Planning Within the Current Policy Environment

In addition to national laws and regional management directives, management goals and direction for the land and resources of the Tahoe National Forest (TNF) are specified by several overarching planning documents:

  • 1990 Tahoe National Forest Land and Resource Management Plan (LMP)
  • FPA—a plan that specifies goals and direction for the 11 national forests of the Sierra Nevada and the Modoc Plateau.
  • Herger-Feinstein Quincy Library Group Forest Recovery Act of 1998 provides specific management goals and direction for just the Sierraville Ranger District

Few, if any, management policies of the TNF specifically address climate change, but many practices are consistent with adaptive conditioning. Most post-disturbance treatments planned by TNF were developed to meet goals of maintaining ecosystem health (e.g., watershed protection, succession to forest after wildfire, and fuel reduction after insect mortality).

Current Approaches to Climate Adaptation Management

Although the Tahoe National Forest (TNF) has not addressed climate directly through intentional proactive management, staff have been discussing climate change and climate implications for many years. This proactive thinking has pre-conditioned TNF to taking climate into account in early management actions, and has started the discussion among staff regarding potential changes in strategic planning areas. Further, advances in integrated planning processes that may facilitate the incorporation of climate-related treatments, thus pre-adapting TNF institutionally to move forward with proactive climate management. The following examples of actions and opportunities demonstrate how the TNF is moving forward with dynamic management.

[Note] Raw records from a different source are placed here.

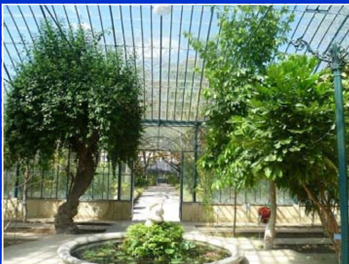
Orto Botanico ( Serre)
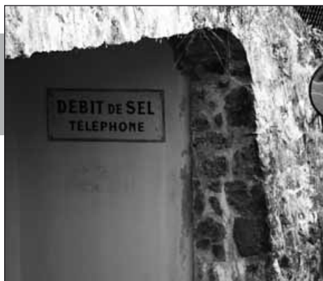
Bremblens, débit de sel et téléphone.
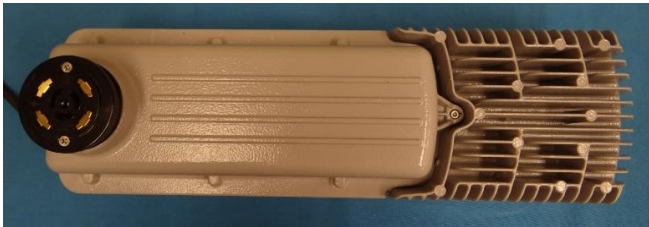
Foto 1 - Vista superior da amostra
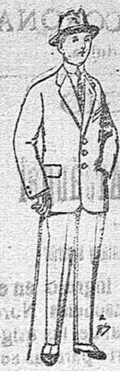
Trajes de patén vicuña ó jerga para niños de 10 á 16 años. De pts. 14 á 50
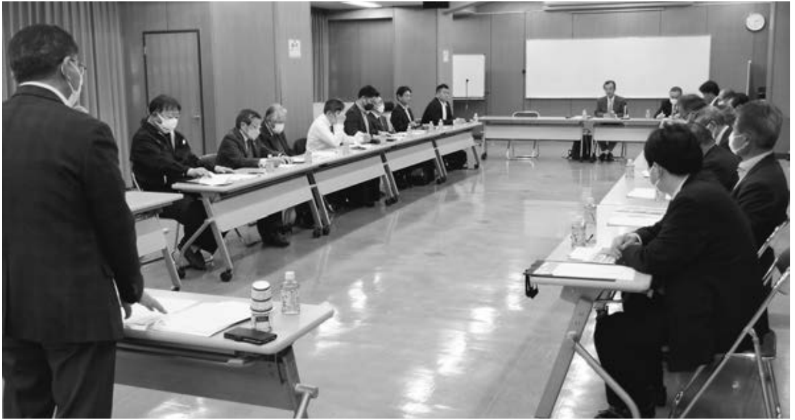
4月度理事会ではすべての議題を承認
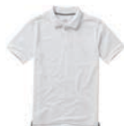
7329x.B bílá/námoňní modrá
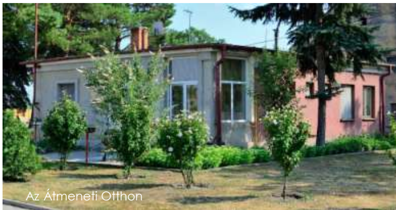
Az Átmeneti Otthon

  • Staff support by line officers: The leadership team at TNF promotes broad science-based thinking and rewards adaptive and proactive behaviors. This practice clearly sets a stage where management responses to climate can be undertaken where possible, providing an incentive and the intellectual environment to do so.
  • Fireshed Assessment:The new Fireshed Assessment process is a major step toward integrated management of TNF lands. Effective implementation of this process already provides a vehicle for other dynamic and whole-landscape planning processes such as are needed for climate adaptation.
  • Fuel reduction projects: Strategies implemented by TNF as a result of FPA and Herger-Feinstein Quincy Library Group Pilot directions to reduce fuels and minimize chances of catastrophic fires are increasing the adaptability and resilience of TNF forests (Fig. 3.14). Strategically placed area treatments, a form of adaptive and dynamic approach to fuel management, are being tested on the adaptive management pilot of TNF.
  • Riparian management policies: New policies in the FPA for riparian and watershed management restrict road construction for timber management (e.g., near or across perennial streams). Helicopters are used for logging in all situations where roads cannot be built. This allows more flexibility, adaptability, and reduces fragmentation and watershed erosion.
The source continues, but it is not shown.